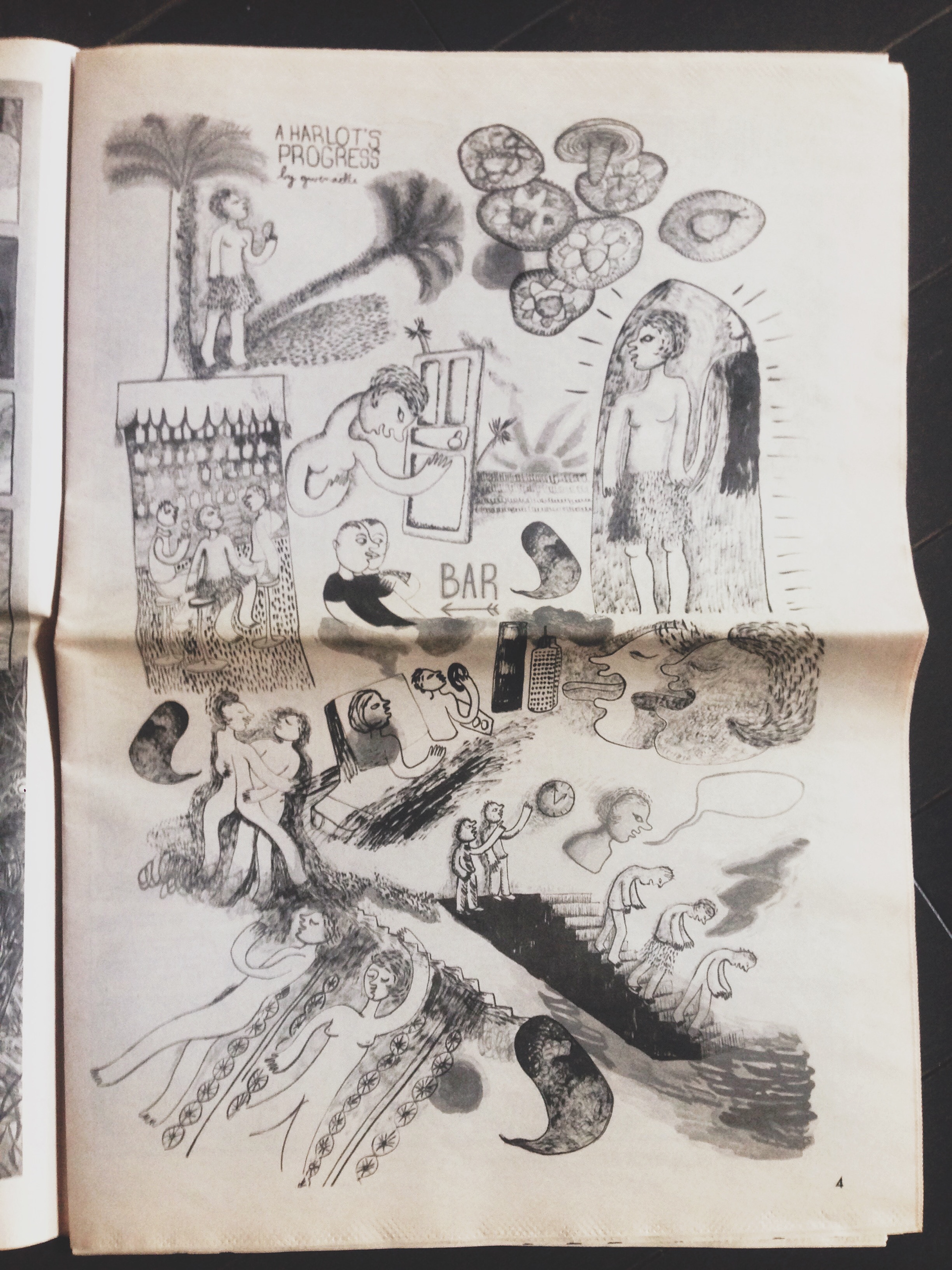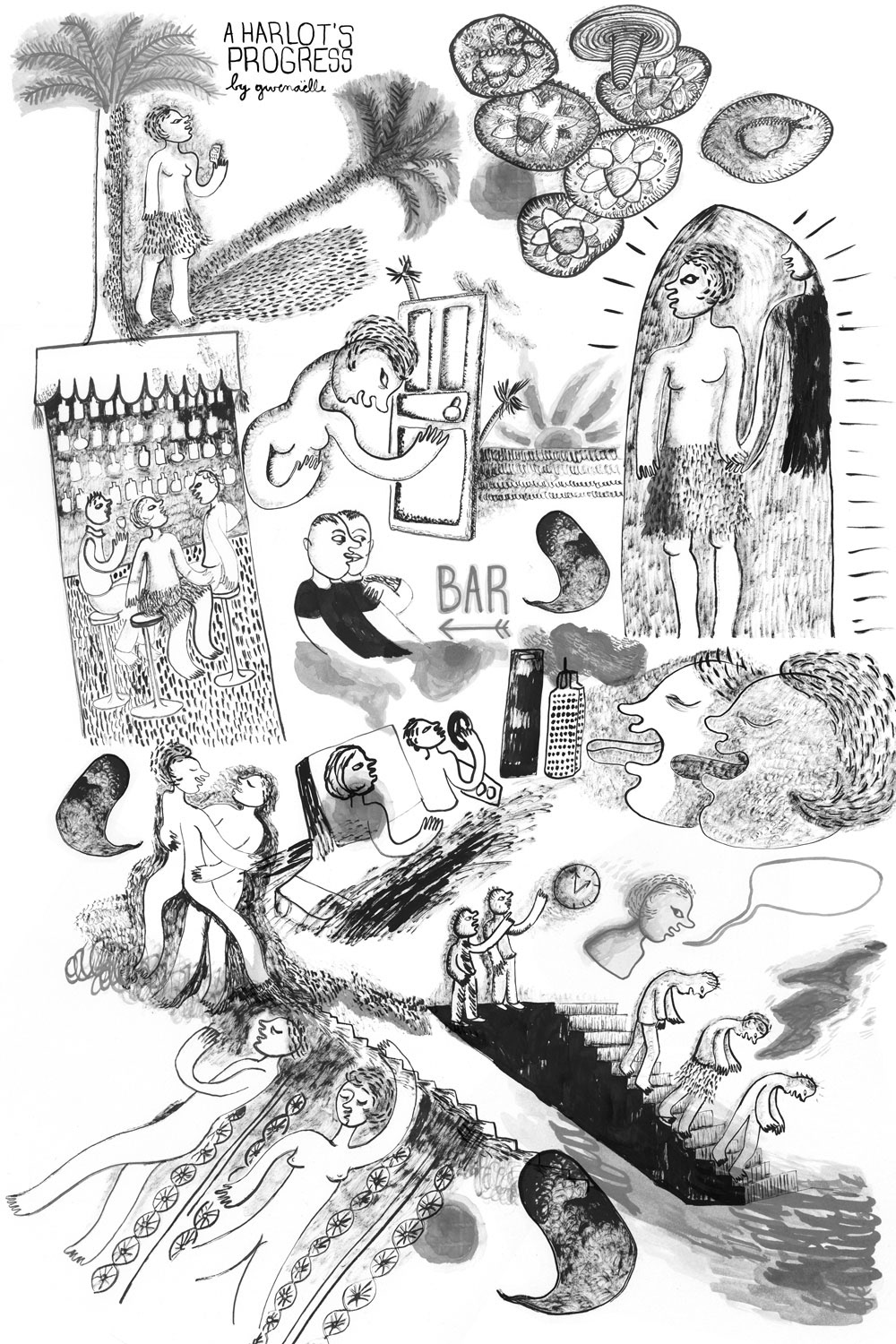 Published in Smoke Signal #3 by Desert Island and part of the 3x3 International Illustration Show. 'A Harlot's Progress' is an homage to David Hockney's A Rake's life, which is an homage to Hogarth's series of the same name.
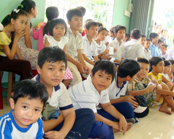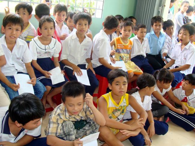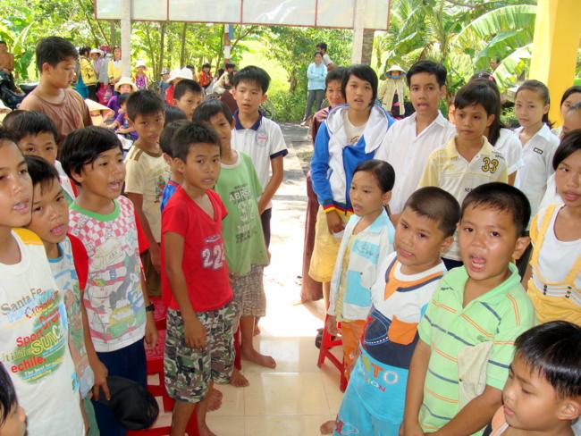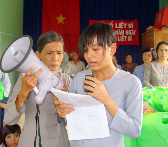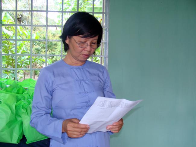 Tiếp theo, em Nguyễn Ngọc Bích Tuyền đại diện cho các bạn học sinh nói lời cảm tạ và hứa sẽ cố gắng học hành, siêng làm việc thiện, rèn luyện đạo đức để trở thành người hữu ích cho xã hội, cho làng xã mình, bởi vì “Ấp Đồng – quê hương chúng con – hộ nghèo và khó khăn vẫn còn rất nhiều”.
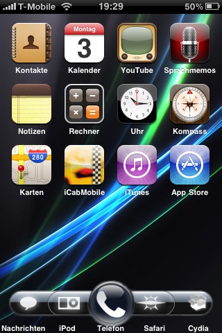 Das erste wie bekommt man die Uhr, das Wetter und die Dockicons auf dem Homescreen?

# # #

* Try it: Return all of the lines above without alteration, minus the pictures.

* Exercise output:
 Published in Smoke Signal #3 by Desert Island and part of the 3x3 International Illustration Show. 'A Harlot's Progress' is an homage to David Hockney's A Rake's life, which is an homage to Hogarth's series of the same name.
 Tiếp theo, em Nguyễn Ngọc Bích Tuyền đại diện cho các bạn học sinh nói lời cảm tạ và hứa sẽ cố gắng học hành, siêng làm việc thiện, rèn luyện đạo đức để trở thành người hữu ích cho xã hội, cho làng xã mình, bởi vì “Ấp Đồng – quê hương chúng con – hộ nghèo và khó khăn vẫn còn rất nhiều”.
 Das erste wie bekommt man die Uhr, das Wetter und die Dockicons auf dem Homescreen?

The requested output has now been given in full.